[Opening Input section]

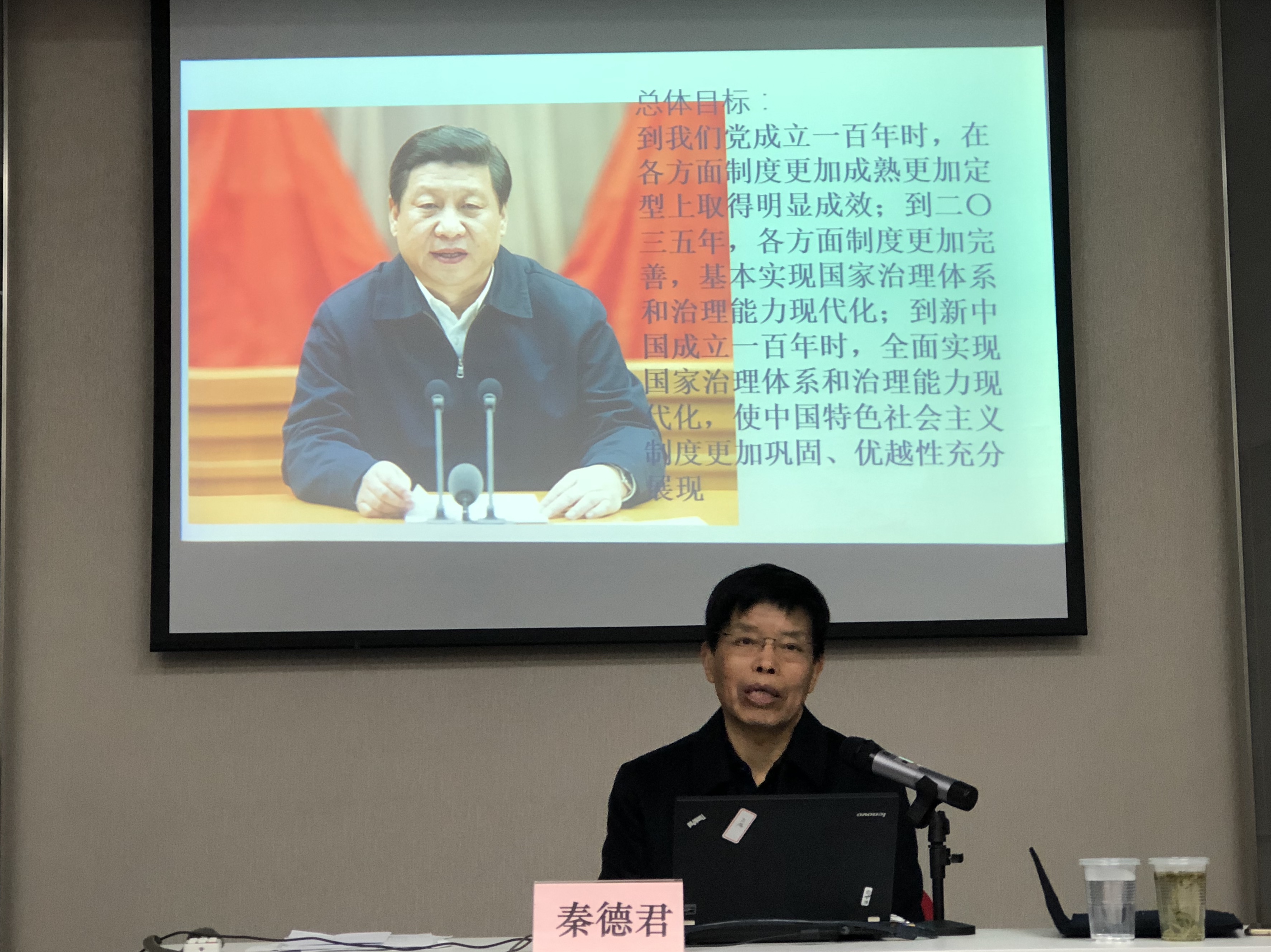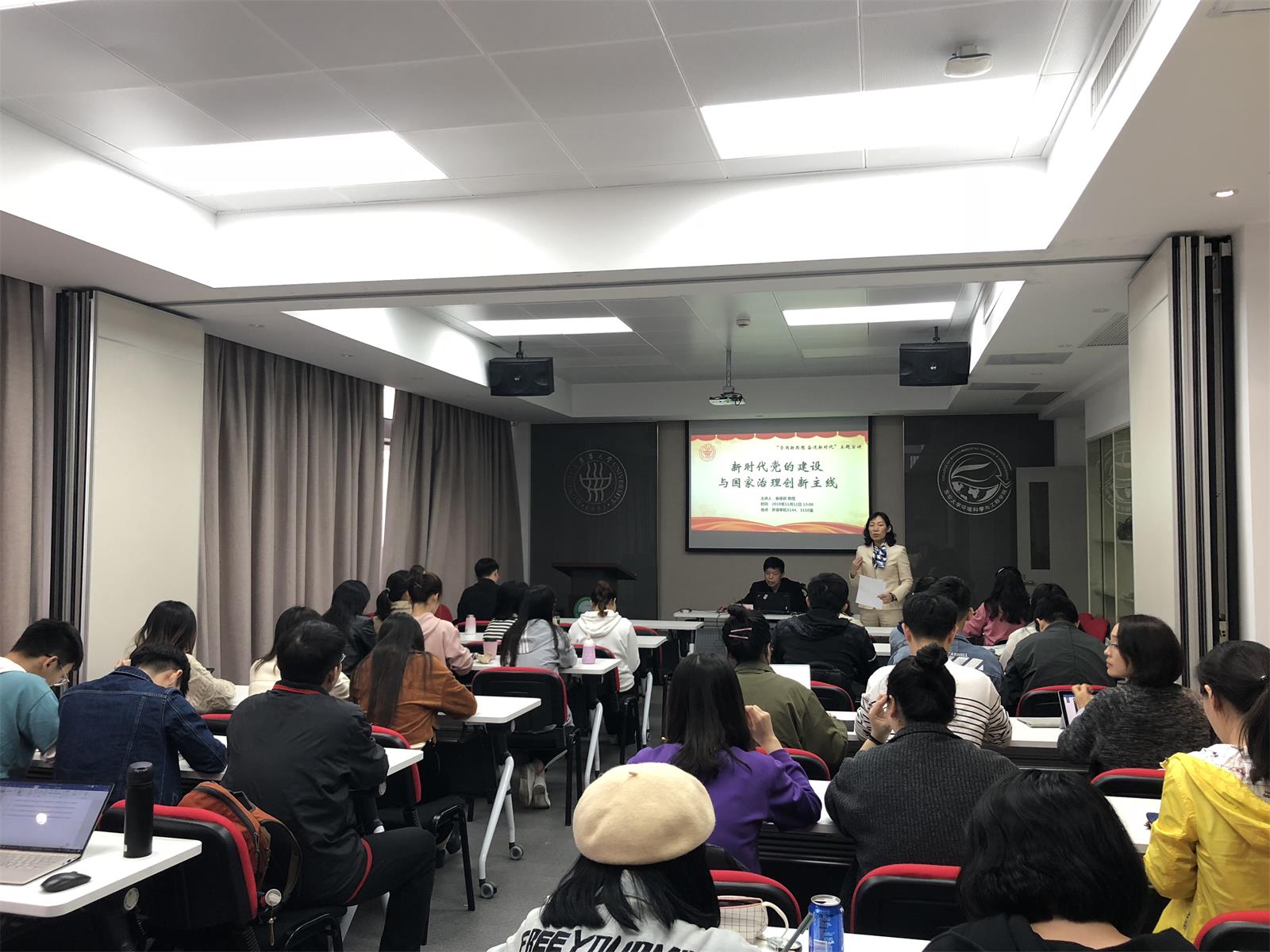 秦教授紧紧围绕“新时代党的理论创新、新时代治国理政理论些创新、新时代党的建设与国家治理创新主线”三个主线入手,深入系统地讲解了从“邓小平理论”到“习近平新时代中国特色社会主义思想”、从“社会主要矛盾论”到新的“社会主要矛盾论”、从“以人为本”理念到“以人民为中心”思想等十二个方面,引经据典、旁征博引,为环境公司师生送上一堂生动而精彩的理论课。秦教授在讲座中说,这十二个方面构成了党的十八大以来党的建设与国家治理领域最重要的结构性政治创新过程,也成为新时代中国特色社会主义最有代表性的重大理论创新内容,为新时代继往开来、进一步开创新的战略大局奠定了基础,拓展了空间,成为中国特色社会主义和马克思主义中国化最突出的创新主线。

[Closing Input section]
[Opening Input section]

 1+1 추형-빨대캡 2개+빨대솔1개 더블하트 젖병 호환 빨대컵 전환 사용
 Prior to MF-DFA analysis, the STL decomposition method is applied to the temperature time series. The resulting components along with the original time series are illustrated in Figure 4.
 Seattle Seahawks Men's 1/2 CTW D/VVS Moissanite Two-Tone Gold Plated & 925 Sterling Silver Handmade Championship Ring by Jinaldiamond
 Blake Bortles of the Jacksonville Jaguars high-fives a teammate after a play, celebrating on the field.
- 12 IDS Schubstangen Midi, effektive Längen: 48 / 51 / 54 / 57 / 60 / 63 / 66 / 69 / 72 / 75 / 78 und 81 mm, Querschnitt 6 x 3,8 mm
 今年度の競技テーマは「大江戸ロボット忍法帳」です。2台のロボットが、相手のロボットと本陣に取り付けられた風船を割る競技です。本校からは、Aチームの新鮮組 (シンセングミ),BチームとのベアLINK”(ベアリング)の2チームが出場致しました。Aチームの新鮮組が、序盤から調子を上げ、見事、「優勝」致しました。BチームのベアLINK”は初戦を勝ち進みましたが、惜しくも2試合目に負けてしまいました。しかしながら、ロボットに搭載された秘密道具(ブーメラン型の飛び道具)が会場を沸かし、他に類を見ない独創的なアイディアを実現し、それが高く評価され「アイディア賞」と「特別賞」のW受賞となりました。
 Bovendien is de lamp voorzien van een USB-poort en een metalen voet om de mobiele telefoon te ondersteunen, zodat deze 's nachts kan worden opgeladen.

[Closing Input section]
[Opening Input section]

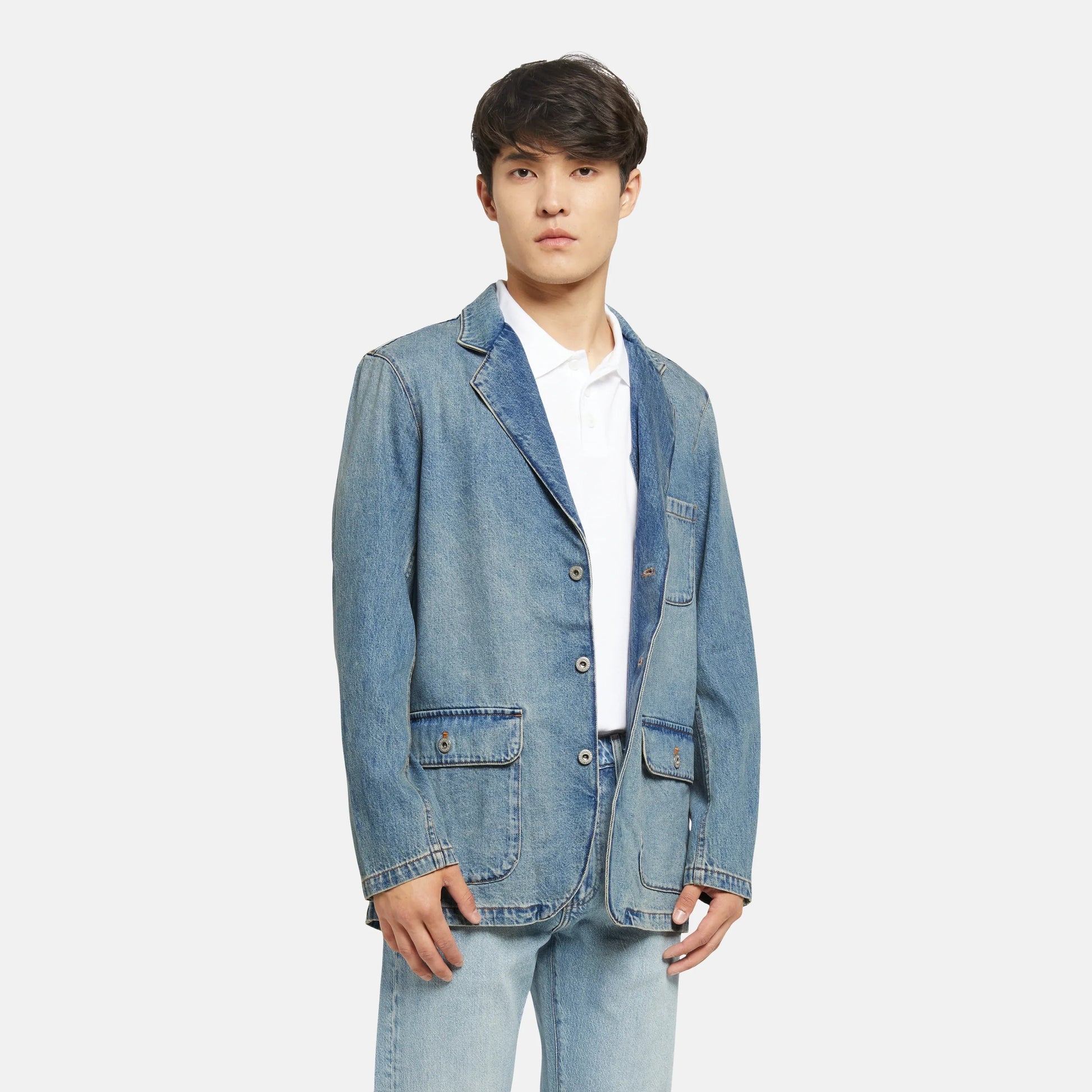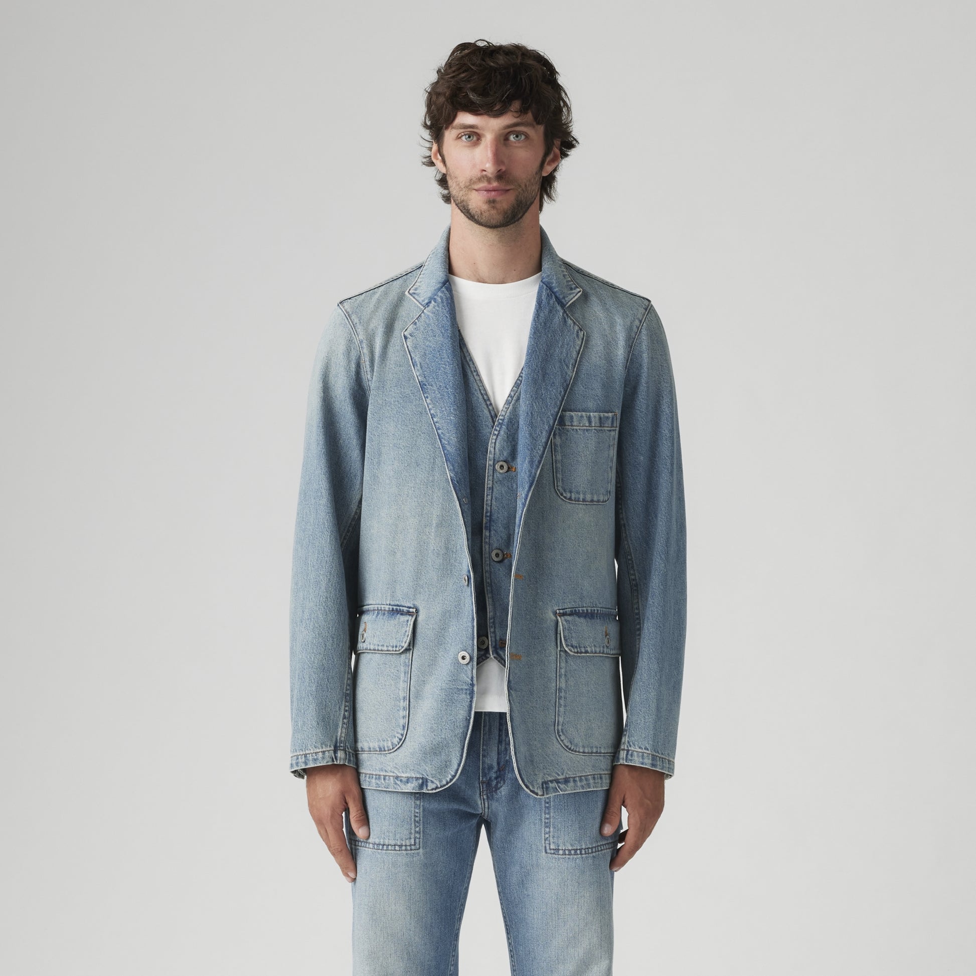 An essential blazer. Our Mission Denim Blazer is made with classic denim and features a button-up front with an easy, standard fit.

[Closing Input section]

**Your goal:**
Among the entries above, the line containing "Prior to MF-DFA", the line containing "Bovendien is de", and all lines between them are to be restated word for word; nothing else belongs in the reply.

**Task output:**
 Prior to MF-DFA analysis, the STL decomposition method is applied to the temperature time series. The resulting components along with the original time series are illustrated in Figure 4.
 Seattle Seahawks Men's 1/2 CTW D/VVS Moissanite Two-Tone Gold Plated & 925 Sterling Silver Handmade Championship Ring by Jinaldiamond
 Blake Bortles of the Jacksonville Jaguars high-fives a teammate after a play, celebrating on the field.
- 12 IDS Schubstangen Midi, effektive Längen: 48 / 51 / 54 / 57 / 60 / 63 / 66 / 69 / 72 / 75 / 78 und 81 mm, Querschnitt 6 x 3,8 mm
 今年度の競技テーマは「大江戸ロボット忍法帳」です。2台のロボットが、相手のロボットと本陣に取り付けられた風船を割る競技です。本校からは、Aチームの新鮮組 (シンセングミ),BチームとのベアLINK”(ベアリング)の2チームが出場致しました。Aチームの新鮮組が、序盤から調子を上げ、見事、「優勝」致しました。BチームのベアLINK”は初戦を勝ち進みましたが、惜しくも2試合目に負けてしまいました。しかしながら、ロボットに搭載された秘密道具(ブーメラン型の飛び道具)が会場を沸かし、他に類を見ない独創的なアイディアを実現し、それが高く評価され「アイディア賞」と「特別賞」のW受賞となりました。
 Bovendien is de lamp voorzien van een USB-poort en een metalen voet om de mobiele telefoon te ondersteunen, zodat deze 's nachts kan worden opgeladen.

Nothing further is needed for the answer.